Wkrótce może się to zmienić dzięki pracom naukowców z University of Michigan (U-M), których tworzywo sztuczne przewodzi ciepło 10-krotnie lepiej niż podobne materiały.
Dotychczasowe próby zwiększenia przewodnictwa cieplnego tworzyw sztucznych polegały na integrowaniu ich z metalami, ceramiką bądź na rozciąganiu. Jednak metody te trudno się skaluje, są drogie, mogą zwiększać wagę plastiku i zmieniać np. jego przewodnictwo czy sposób odbijania światła. Tworzywo z U-M jest pozbawione tych wad.
Energia cieplna przepływa przez materię w formie wibracji molekuł. Do efektywnego transferu ciepła konieczna jest jak najbardziej prosta, ciągła ścieżka z silnie powiązanych atomów i molekuł. Jeśli jej nie ma, ciepło pozostaje uwięzione w materiale, który się nagrzewa. W większości tworzyw sztucznych łańcuchy polimerów przypominają spaghetti. Są długie i nie łączą się dobrze ze sobą. Gdy przyłożymy źródło ciepła do jednego końca tworzywa sztucznego, molekuły zaczynają wibrować, ale wibracje te nie przenoszą się dalej, gdyż polimery są ze sobą luźno powiązane - mówi profesor Kevin Pipe z U-M.

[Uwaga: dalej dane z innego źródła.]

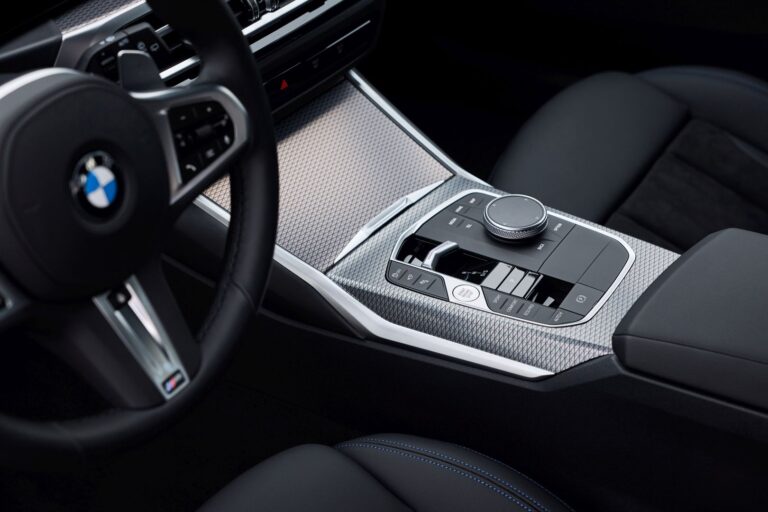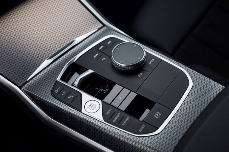 Klasycznie zaprojektowany panel sterujący na konsoli centralnej nowego sedana BMW serii 3 i nowego BMW serii 3 Touring ma dodatkowe powierzchnie obsługiwane dotykowo. Znajdują się tutaj przyciski Start/Stop, iDrive Controller, przyciski Driving Experience Control, hamulec ręczny i inne funkcje pojazdu.
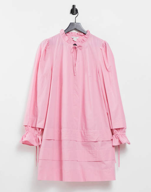 Monki – Rosanna – Różowa luźna sukienka mini z ozdobnym wiązaniem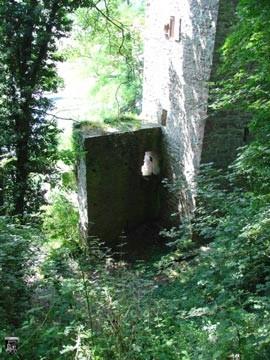 Zum Hang hin liegen die Überreste eines Gebäudes, das völlig asymmetrisch zu der strukturierten Burg stand. Es haben sich noch drei Außenwände, die drei Fenster und einen Türsturz aufweisen, erhalten. Die hintere Außenwand, Richtung Tal, ist bereits abgerutscht und verschwunden. Die Ecken des Gebäudes wurden mit großen Eckquadern versehen. Für viele Burgenforscher ein Hinweis, dass es sich um den Palas handelt. Die fensterlosen Fassaden und der unrepräsentative Aufbau in asymmetrischer Form deuten aber eher auf einen Lagerbau hin. Der Palas lag wahrscheinlich direkt unterhalb des Turms. Vom Wohnturm sondert sich noch eine Mauer ab, die mit knapp 1,5m Höhe der einzige Rest des Palas ist. Kleine eckige Fenster weisen darauf hin, dass auch sie nach außen zu der äußeren Wehranlage gehörte. Im Palas hat sich ein Zugang zu einem Gewölbekeller erhalten, der mit Betonplatten zugedeckt wurde.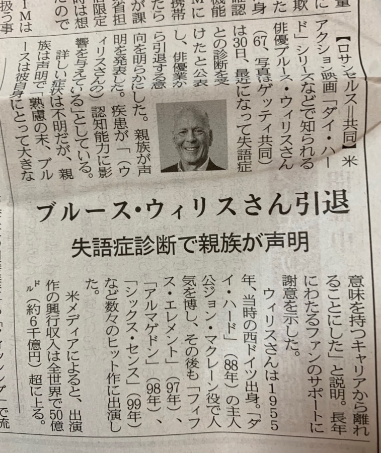 さよならダイハード 2022 3/31 演劇・映画 その他 2022.03.31 いやー明日から新年度だと少々憂うつな気分で夕刊を開くとブルースウィリスさん引退の記事が…。 もうあのアクションは見れない… 学生の頃、ダイハードシリーズは話題に事欠きませんでした。何であんなに不死身なんだろう。 本日の日経夕刊より 失語症で認知に影響、とのことで、もうあの名演技が見られないのは寂しい限りですが、余生を穏やかに満たされて過ごしてほしいです。 演劇・映画 その他 この記事をシェアする 浅草で千本桜 パラサイトイヴ〜葉月里緒菜 関連記事 この世界の片隅で会いたい! 2022.09.06 着付けに四苦八苦〜細雪 2022.03.14 あなたもシャーロキアン@横浜 2022.12.24 ローマの平日〜ジェンダー問題 2022.05.20 青森まで行きたい〜台風クラブ 2022.11.28 日本は沈没しないで〜1973 2022.10.25 退職届だしたら切腹…新撰組 2022.06.10 愛は吐息のように〜トップガン 2022.06.11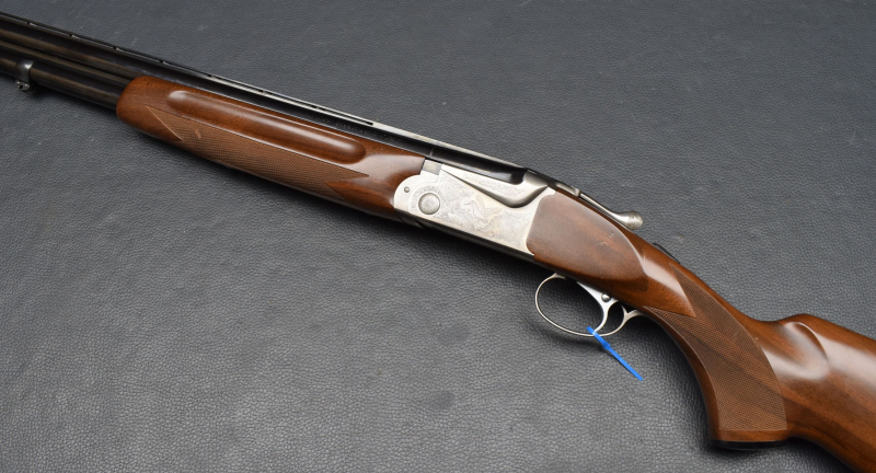 Stahlschrot-Beschuss! 10 mm breiter ventilierter Schiene, Messing Perlkorn, Ejektoren, Flankenverschluss, Einabzug mit Umschalter, heller Stahlsytemkasten mit Gravur Flugwild, Sicherungsschieber auf dem Kolbenhals,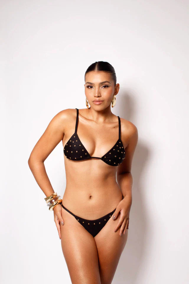 Conheça o Biquíni Ipanema, uma peça que combina estilo e sofisticação em cada detalhe. Com um design único, este biquíni se destaca pelas aplicações de tachinhas douradas feitas manualmente, que proporcionam um toque de glamour, ideal para quem deseja brilhar na praia.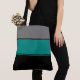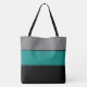 This cute stylish medium size tote bag is shown in a colour block design in colours of Black, Grey and Teal.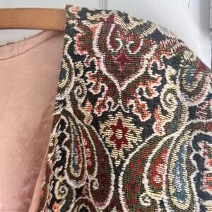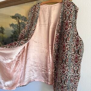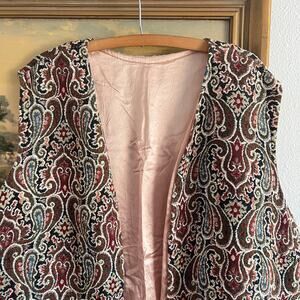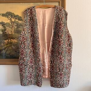 Vintage bohemian tapestry handmade vest oversized paisley maximalist boho opulent chic. Amazing handmade vest. Has some handmade quirks like loose threads etc. Overall well done, has pockets, has a luxurious silky lining. ptp 26" length 31.5" No tags - Please use measurements to determine fit.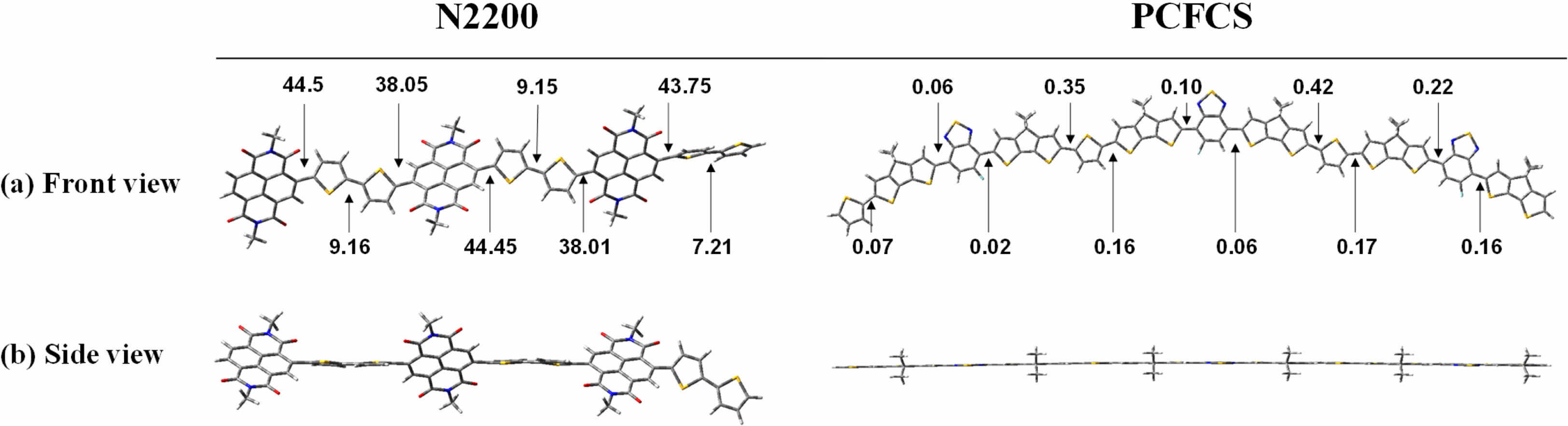 N2200과 PCFCS의 최적화된 구조에서의 비틀림 각도를 Figure 4에 나타내었다. N2200의 side view에서는 비틀림 각도가 38o 이상인 것을 확인할 수 있었고, PCFCS는 전자공여체와 전자수용체의 이면각이 거의 0o에 가까운 직선 형태인 것을 확인할 수 있었다(Figure 4(b)). PCFCS 의 편평한 구조는 전자공여체와 전자수용체 간의 F-S, H-F, H-N 비공유 상호작용과 π–π 궤도 간의 겹침에 의해서 나타난다.46-49 이러한 결과는 PCFCS가 조밀한 π–π stacking을 형성함으로써, 높은 전하이동도를 나타낼 것으로 예상된다.43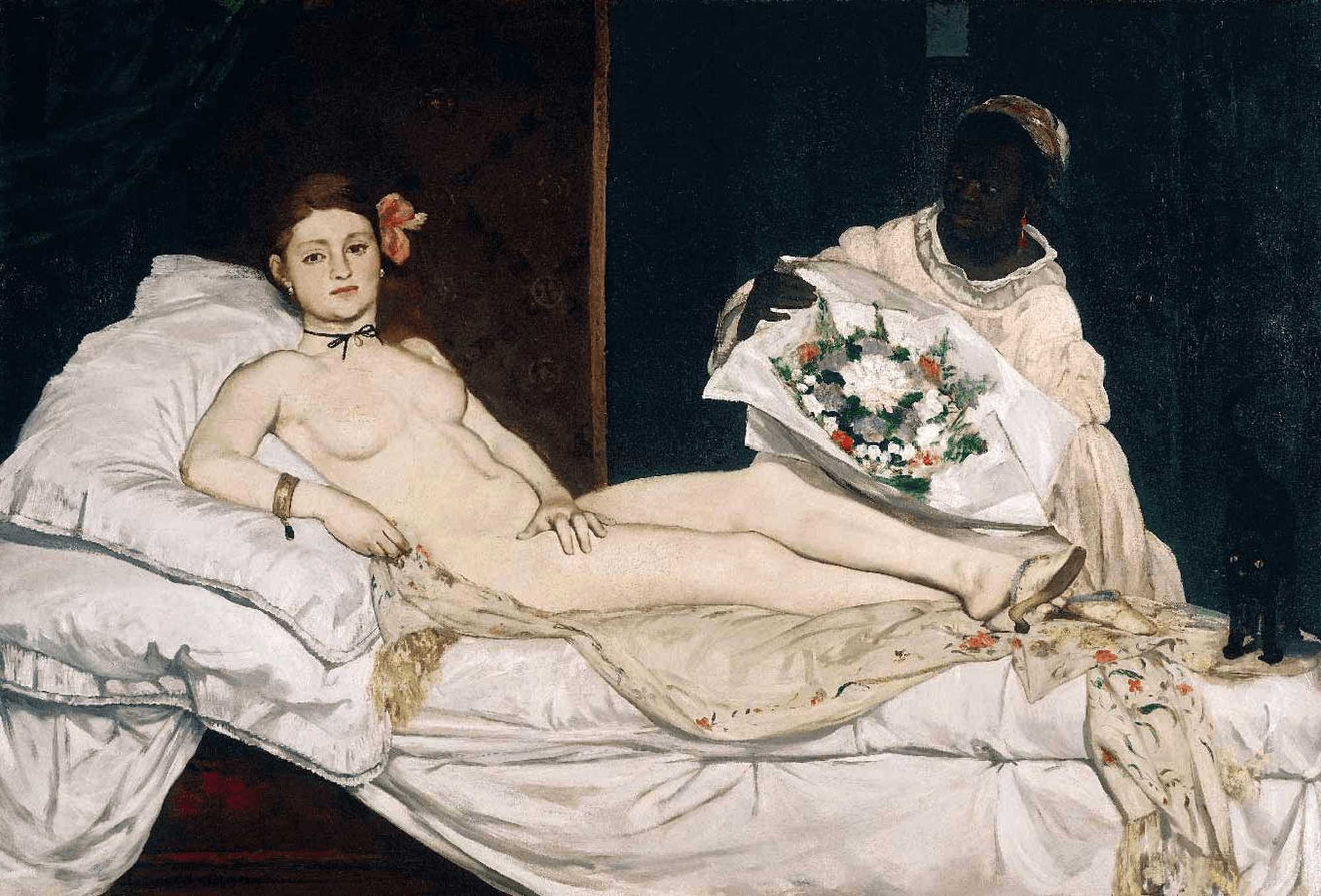 マネの《オランピア》はこのような社会状況から生み出されました。裸婦の肌、クッションやシーツ、裸婦が持つ花柄の生地、召使いのまとっている服、花とそれを包む紙はいずれも白を基調としていますが、その色調と質感は微妙に異なります。同様に召使いの肌、猫、背後の壁やカーテンは暗褐色を見事に描き分けているのです。こうしたデリケートな差異を示すことにより、マネは写真では不可能なことを表現しようとしているのかもしれません。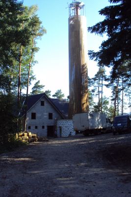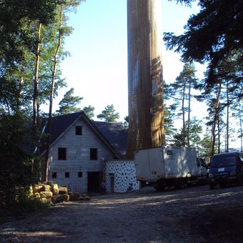 La struttura in acciaio alta 33 metri, rivestita in doghe di legno, presenta 150 gradini grigliati che conducono alla piattaforma di osservazione.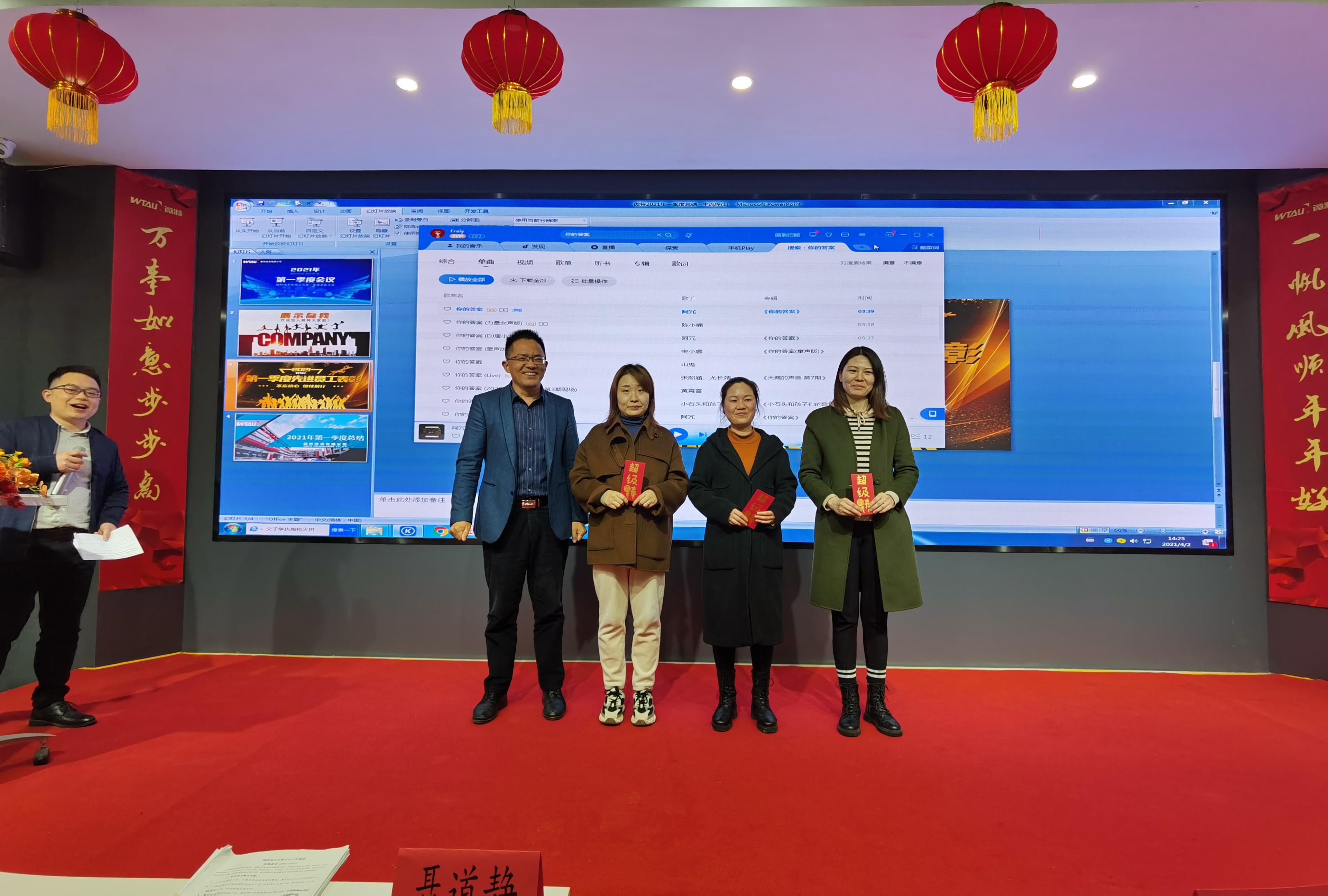 第一季度共有26位新員工加入微特大家庭,會議上邀請了在第一季度中加入微特的新同事進行了自我介紹,出差在外不在會議現(xiàn)場的新同事也通過視頻讓大家認(rèn)識自己。

Profesor Pipe i jego zespół opracowali metodę stworzenia solidnych połączeń pomiędzy długimi łańcuchami polimerów kwasu poliakrylowego (PAA), a krótkimi łańcuchami poliakryloilu piperidyny (PAP). Udoskonaliliśmy te połączenia tak, że energia cieplna znajduje niezakłóconą drogę przez materiał. Wciąż mamy wiele do zrobienia, ale to ważny krok ku zrozumieniu, w jaki sposób należy pracować z plastikami, by przewodziły ciepło. Mimo dziesięciokrotnego zwiększenia przewodnictwa jest ono wciąż znacznie mniejsze niż w większości metali, jednak otworzyliśmy możliwość kolejnych udoskonaleń - mówi jeden ze współpracowników Pipe'a.